The history of this case began nearly 17 years ago. Around 13 December 1998, passersby found four bodies in the badly burnt wreck of a car in Sapouy, a settlement about 100 kilometers from Ouagadougou, the capital of Burkina Faso. The bodies would later be identified as those of Norbert Zongo and of his brother Ernest, together with Blaise Ilboudo, another staffer of Zongo’s L’Indepéndant weekly, and their driver, Ablasse Nikiema. 

At that time, Zongo was preparing to print a story based on his investigation into the unsolved murder nearly two years earlier of David Ouédraogo, a former driver to Francois Compaore, the younger brother of the president. The newspaper story alleged that Ouédraogo had been tortured to death for stealing considerable sums of money from the house of Francois Compaore.

Zongo’s killing in December 1998 marked a peak in lawlessness under the dictatorship of former president Compaore. Zongo was Burkina Faso’s leading investigative journalist and was also the publisher of L’Indepéndant; his killing led to massive unrest in Burkina Faso.

The government initially responded by establishing a commission of inquiry, which identified six suspects and recommended they be prosecuted. Ultimately, only one of them, Marcel Kafando, a warrant officer in the presidential guard, was charged, only to be then cleared.

In 2006, the government declared the search for Zongo’s killers closed, citing lack of evidence. By coincidence, the African Court on Human and Peoples’ Rights, created in Ouagadougou in June 1998, began work in Arusha, Tanzania, in the same year in which the government of Burkina Faso closed its investigation.

Burkina Faso had by this time accepted the jurisdiction of the African Court. In 2011, Zongo’s wife, Genevieve, and his children, assisted by the nongovernmental organization, Le Mouvement Burkinabé des Droits de l’Homme et des Peuples (MBDHP), sought legal assistance to take their search for justice to the African Court in Arusha.

In its ruling this month, the court began by affirming that under the African human right system, the state has a duty to ensure remedies where there is a human rights violation. It equally held that such remedies should afford the victims “measures tending to eliminate the effects of the violations committed.” In this case, the court declared that the class of victims included the spouses, children and parents of the Norbert Zongo and his three assassinated colleagues.

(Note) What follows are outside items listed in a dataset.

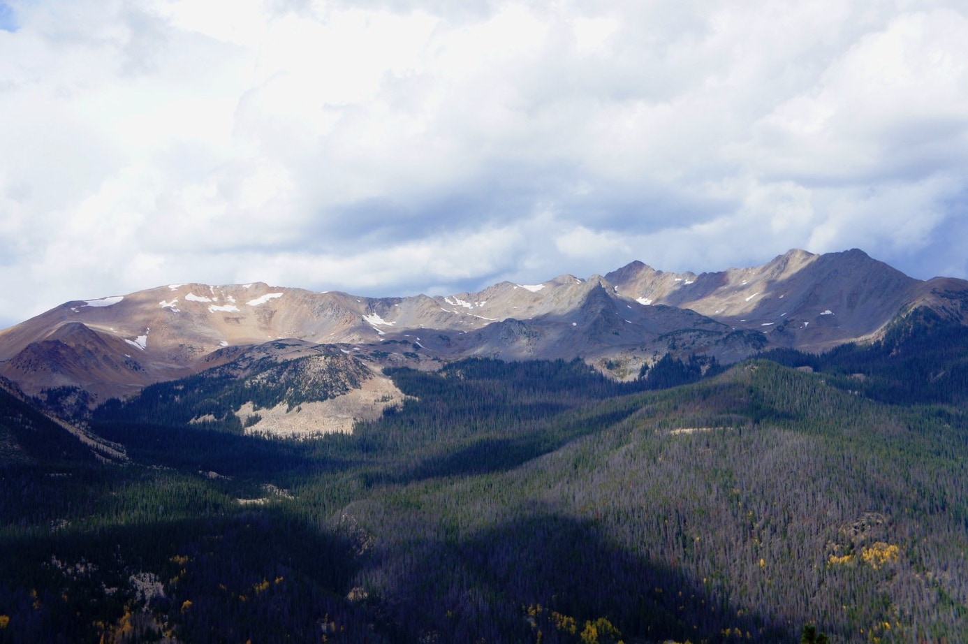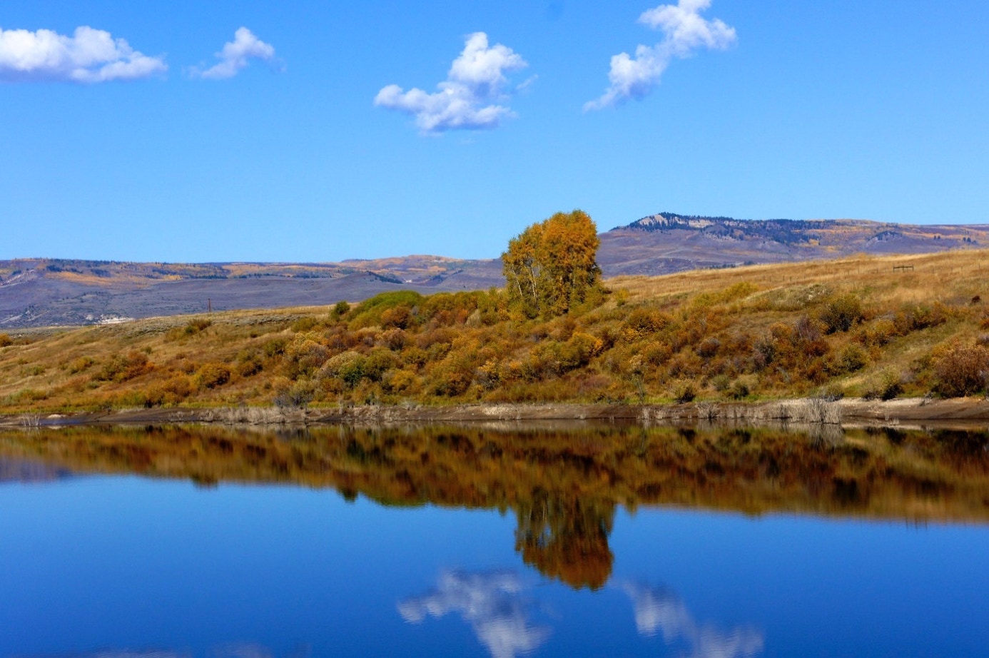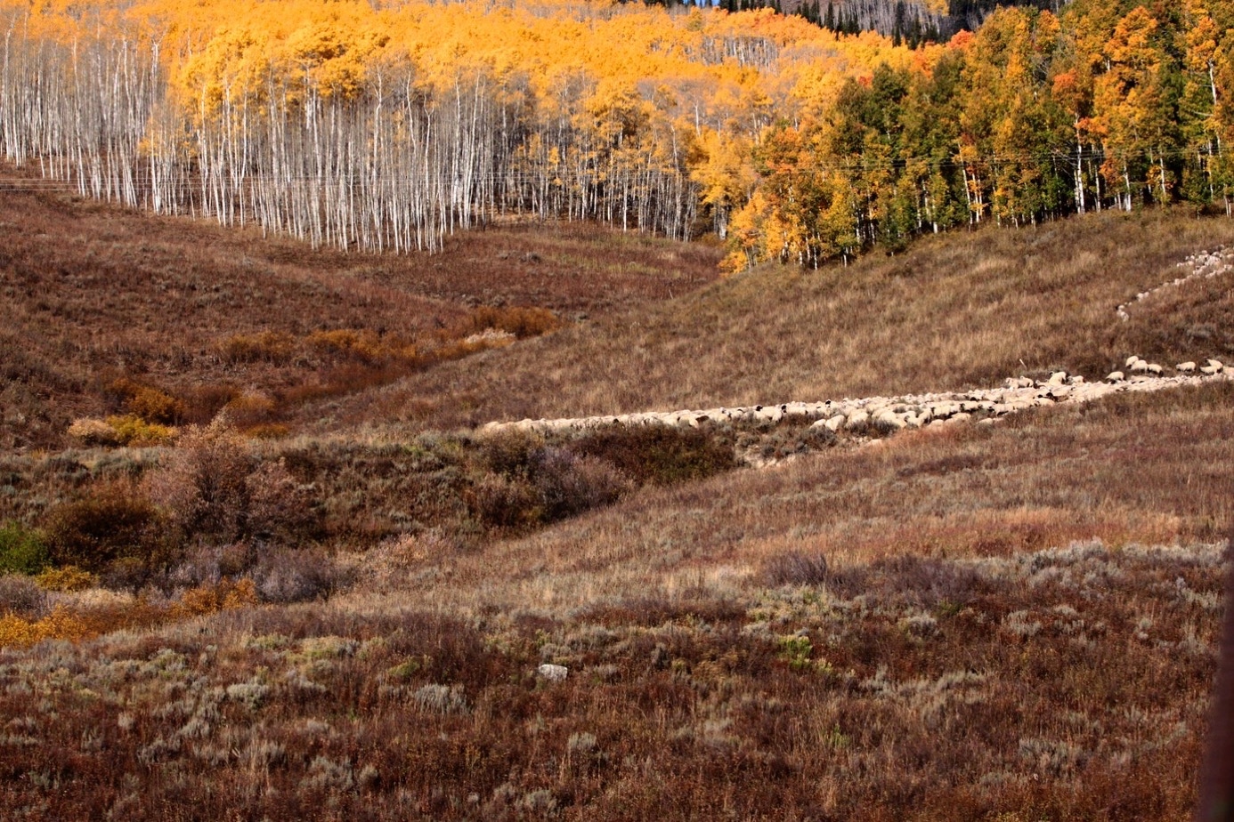 De weg die we rijden is jammer genoeg een beetje druk. Ik moet regelmatig even aan de kant om een rijtje snellere auto’s even te laten passeren. Daar hebben ze hier de turn-outs voor. En vandaag voor het eerst meegemaakt dat een Amerikaan dan toch wat geirriteerd raakt als hij achter een langzamer voertuig komt te rijden. Meestal gaat men er gemoedelijk een eindje achter rijden en wacht men rustig af tot er mogelijkheid tot passeren is of dat je aan de kant gaat. Maar goed: de weg van vandaag voert ons langs de schitterende herfstkleuren van de Rocky Mountains. Bijna letterlijk om stil van te worden en moeilijk om te beschrijven. Al die kleuren die op je af komen, van groen, donkergroen, geel, donkergeel, geel-rood, lichtgeel en meertjes er tussen door. Je moet het gezien hebben.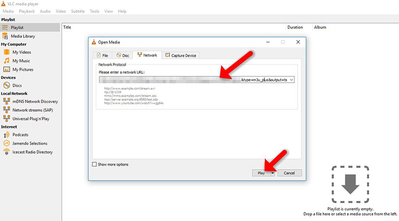 Step 3 : Enter the M3U URL provided by your IPTV distributor and press “ Play “.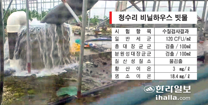 수질 분석 결과 비닐하우스내 숨골로 유입되는 빗물에서는 일반세균이 120CFU/mL나 검출됐다. 이는 '먹는물 수질기준 및 검사 등에 관한 규칙'에서 규정한 일반세균 기준치 100CFU/mL보다 다소 높은 수치다.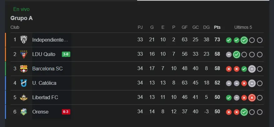 Sigue a Bolavip en Google!Se cerró la fecha 4 del hexagonal del título con el partido entre Liga de Quito y Orense y hay cambios en la parte alta de la tabla. De igual forma en el hexagonal de Sudamericana la pelea se agranda a más competidores.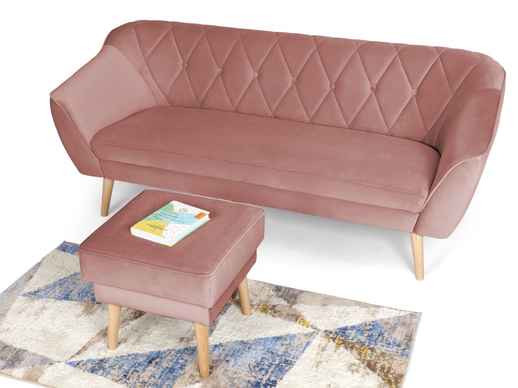 Ak hľadáte spojenie moderného dizajnu a pohodlia, trojmiestna pohovka Deana s praktickým taburetom vás osloví už na prvý pohľad. Jej ružové čalúnenie v látke Royal vnesie do vašej obývačky alebo inej miestnosti nádych luxusu. Táto látka je hebká, odolná voči opotrebovaniu a mimoriadne jednoduchá na údržbu. Sedadlá pohovky sú vystužené pevnou penou T30, ktorá poskytuje stabilitu a tvarovú stálosť, zatiaľ čo operadlá z mäkšej peny T25 sa postarajú o príjemnú oporu počas oddychu. Celú zostavu dopĺňajú drevené nožičky v prírodnom odtieni, ktoré pohovke dodávajú pevnú oporu.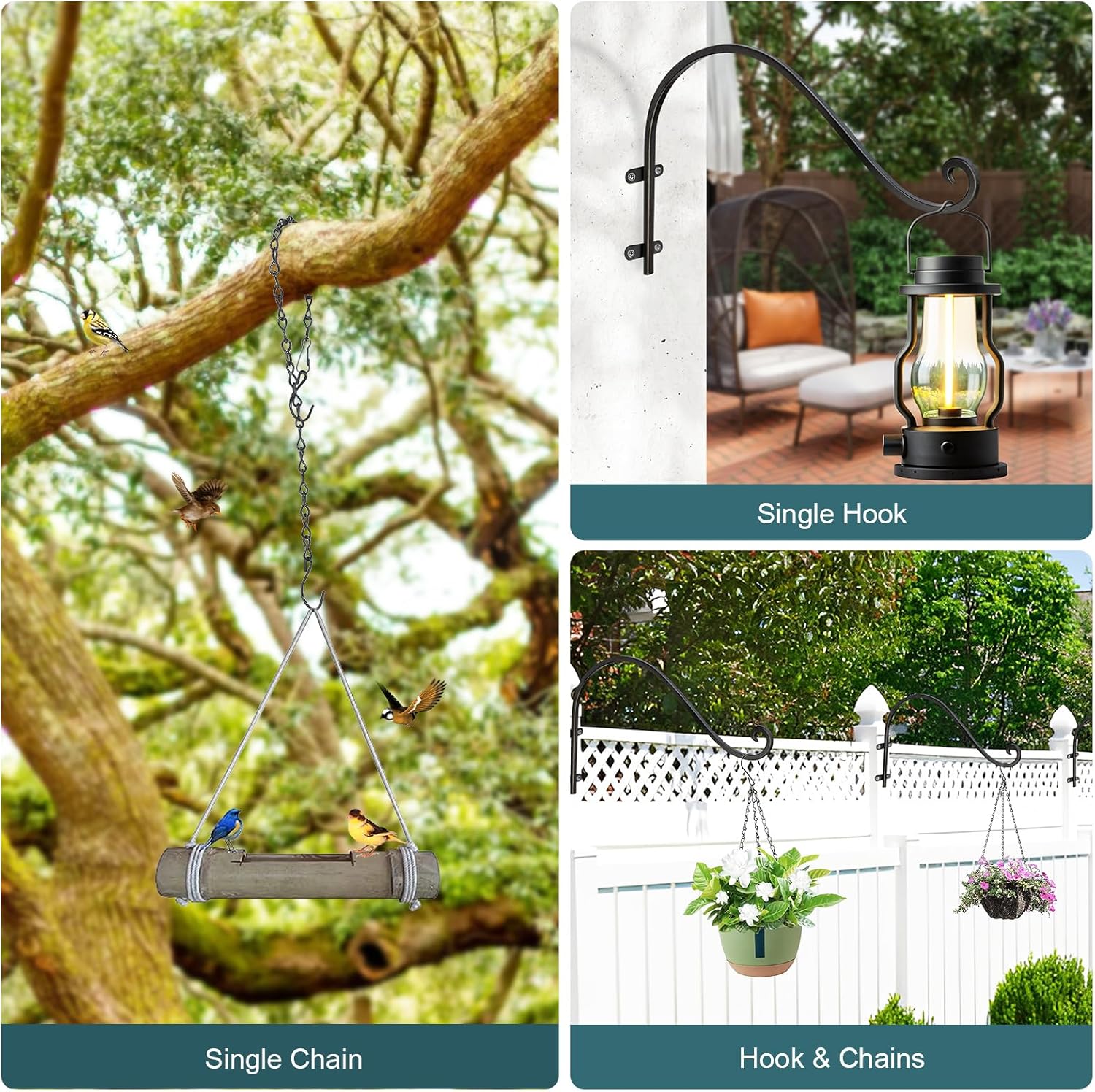 - 【DIY & Multiple Uses】 Three uses. (1) Use the hanger separately. (2) Pair the hanger with the chain. (3) Use the hanging chain separately. You can shorten or extend the chain, or try brushing it with a nail polish or coating to turn it into another color you like. Hanging plant brackets can be widely used for hanging flower pots, bird feeders, bird houses, lanterns, wind chimes, billboards, blackboards, and are good decorations for living rooms, porches, terraces, gardens, backyards, etc.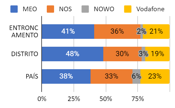 Por fim, aparece a NOWO que, talvez justificada pela fraca cobertura ao longo do território nacional, não vai além de 2% de contratações no Entroncamento, 3% em Santarém e 6% em Portugal.

The court ordered Burkina Faso to undertake a package of measures in order to redress the killings. First, by a majority of 10 judges voting in favour with one vote against, it ordered the re-opening of the investigation. Second, the court ordered the payment of monetary damages and costs totaling over one million US dollars to 14 named victims including the wife, mother and children of Norbert Zongo. Third, to guarantee nonrepetition of similar violations in future, the court also ordered Burkina Faso to publish “the French summary of this judgment prepared by the clerk once in the official gazette and once in a widely disseminated daily national newspaper and on the government’s official website for a year.‎” Fourth, the Burkina Faso is also to “submit within a period of six months a report on the state of implementation of all decisions taken in the present judgment.”

In the immediate aftermath of the decision, the legal representatives of the victims will work with the authorities of the African Court and Burkina Faso to ensure compliance with the decision. The likelihood of compliance has been helped by the overthrow in a popular uprising in October 2014 of Compaore, whose regime blocked accountability for the killing.

The court’s full bench of 11 judges of the African Court sat in and voted on the ruling. The victims were represented by, Chidi Odinkalu and Ibrahima Kane, both of the Open Society Foundations; Donald Deya of the Pan-African Lawyers Union (PALU); and Sankara Benewende, a senior lawyer with the MBDHP in Burkina Faso.